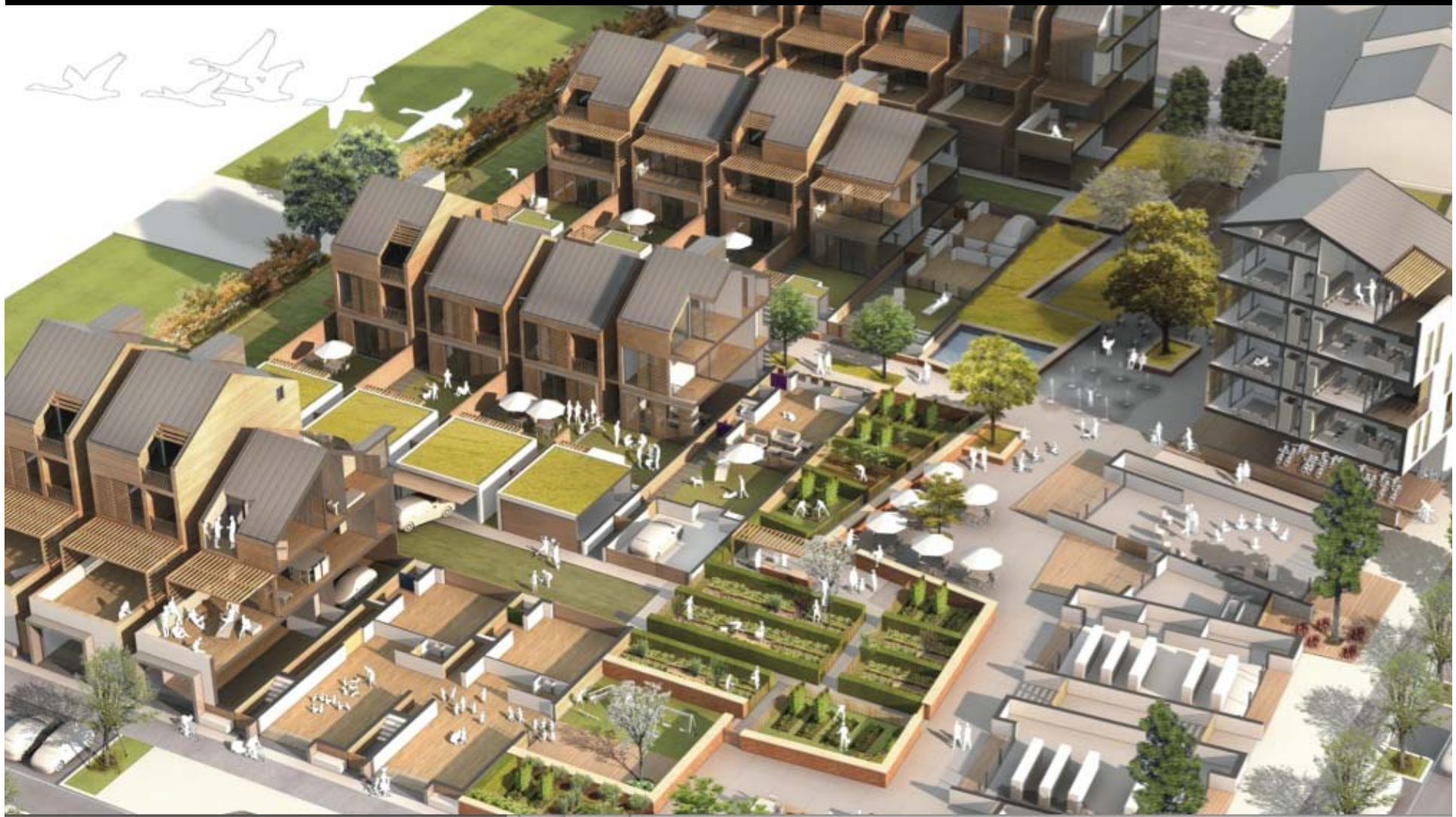
Project drawing from Anselmi Attiani Associated Architects, Holloway Builders.
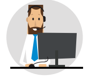
NOTARIUS CUSTOMER SUPPORT
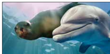
SEAWORLD ADVENTURE PARK (27.5 miles)

See more than 5,000 fish in 60+ habitats plus a museum featuring cutting edge research from Scripps Institution of Oceanography, UC San Diego. Take in spectacular panoramic ocean views, get hands on with interactive activities, see a feeding, and dive deeper into the world under, in, and above the oceans. https://aquarium.ucsd.edu
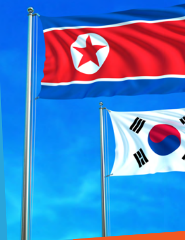
North Korean Flag

A country established in East Asia in 1945. In 1950, its leader, Kim Il-Sung, invaded its neighbor, South Korea. It has had a communist system of government since 1945 and is one of the most oppressive countries in the world.
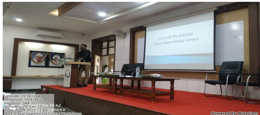
Inauguration of Programme "Workshop on Equal Opportunity" organized by joint auspicious of Reservation Cell & Equal Opportunity Center
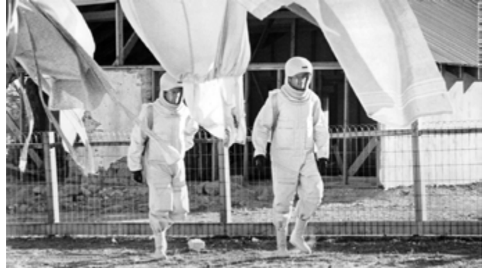
Andromeda Strain - 1971

Amid fears stoked by the coronavirus, "Contagion" -- a 2011 movie about a pandemic with potentially eerie similarities to recent events -- has been climbing up the iTunes rental charts, reflecting how people often use fiction as a means to process reality.
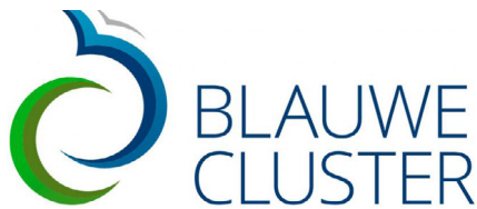
Blauwe Cluster — Belgium
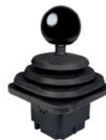
JHL: Cost Effective Sealed Joystick
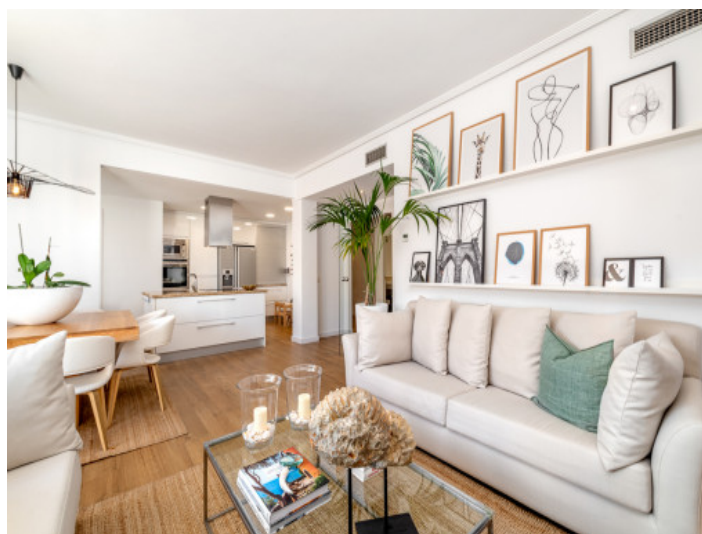
Beautifully designed living area
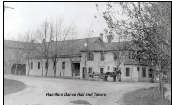
Hamilton Dance Hall and Tavern
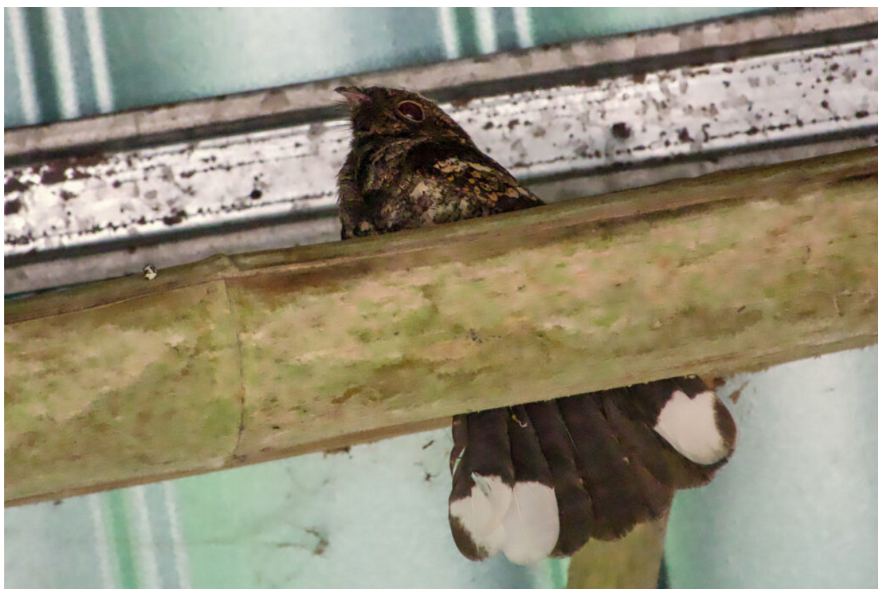
Philippine Nightjar
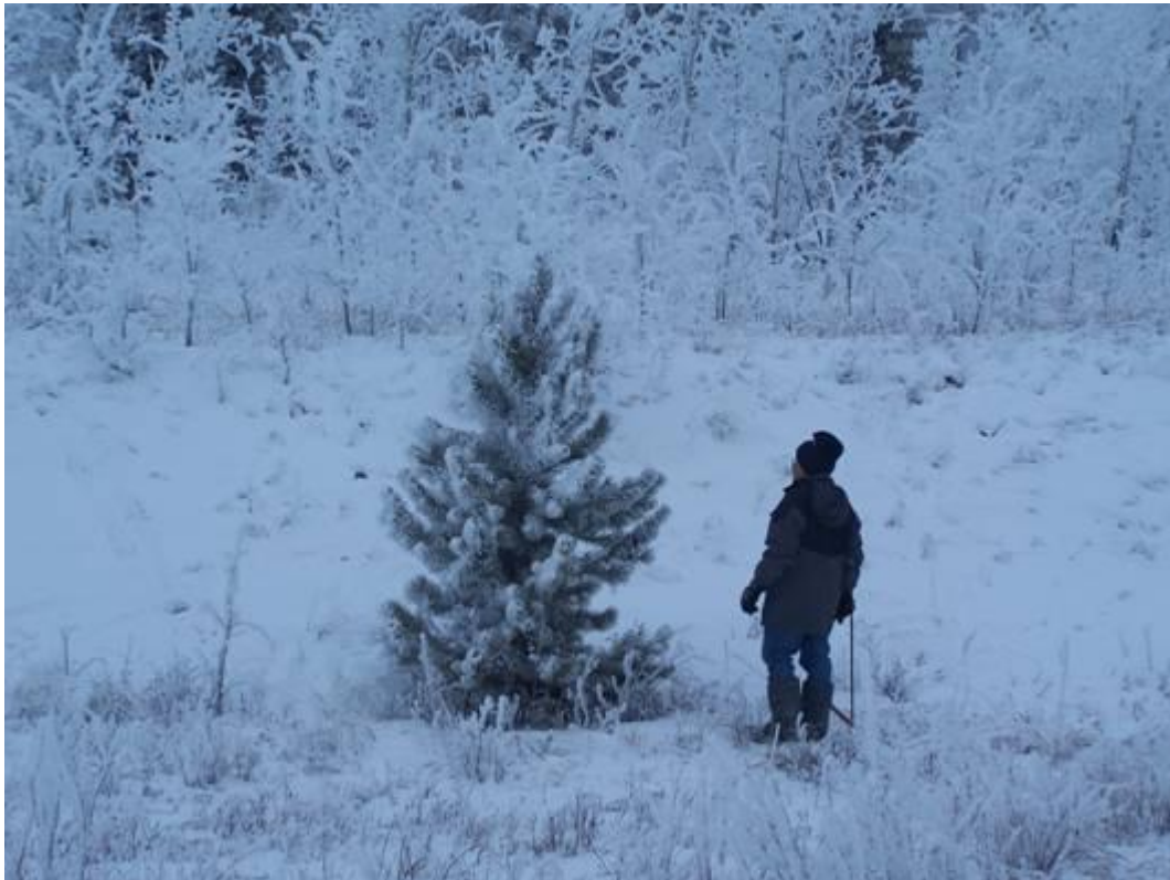
Christmas Tree Shopping, Yukon Style

(In Whitehorse)
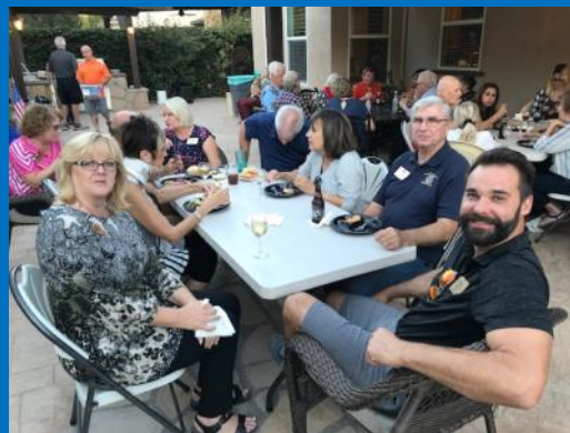
Moorpark Kiwanians were friendly party crashers at the Thousand Oaks Kiwanis Club social.
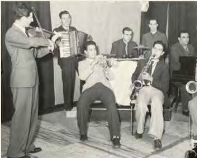
Music Band of Palestine Broadcasting Service, Jerusalem
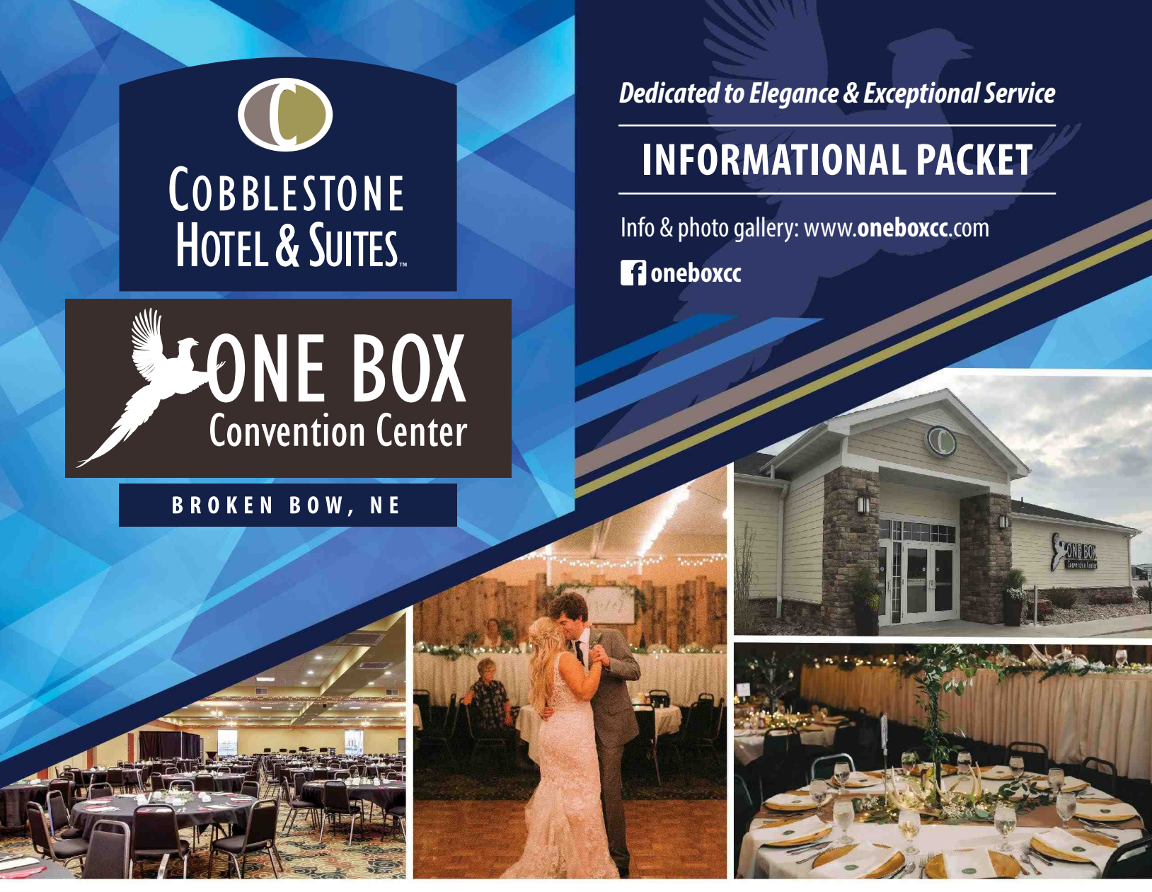
A PRIME VENUE FOR Meetings • Receptions • Reunions • Weddings & Celebrations

Thank you for considering One Box Convention Center for your upcoming event! We look forward to providing an outstanding experience. We will set up a meeting to discuss details such as set-up diagram, linen colors and styles, etc.

◇ ◇ ◇ ◇

[Your objective] Without any pictures, output exactly the lines from the start of the material through the line that contains "Philippine Nightjar", and only those.

[Answer section]
Project drawing from Anselmi Attiani Associated Architects, Holloway Builders.
NOTARIUS CUSTOMER SUPPORT
SEAWORLD ADVENTURE PARK (27.5 miles)

See more than 5,000 fish in 60+ habitats plus a museum featuring cutting edge research from Scripps Institution of Oceanography, UC San Diego. Take in spectacular panoramic ocean views, get hands on with interactive activities, see a feeding, and dive deeper into the world under, in, and above the oceans. https://aquarium.ucsd.edu
North Korean Flag

A country established in East Asia in 1945. In 1950, its leader, Kim Il-Sung, invaded its neighbor, South Korea. It has had a communist system of government since 1945 and is one of the most oppressive countries in the world.
Inauguration of Programme "Workshop on Equal Opportunity" organized by joint auspicious of Reservation Cell & Equal Opportunity Center
Andromeda Strain - 1971

Amid fears stoked by the coronavirus, "Contagion" -- a 2011 movie about a pandemic with potentially eerie similarities to recent events -- has been climbing up the iTunes rental charts, reflecting how people often use fiction as a means to process reality.
Blauwe Cluster — Belgium
JHL: Cost Effective Sealed Joystick
Beautifully designed living area
Hamilton Dance Hall and Tavern
Philippine Nightjar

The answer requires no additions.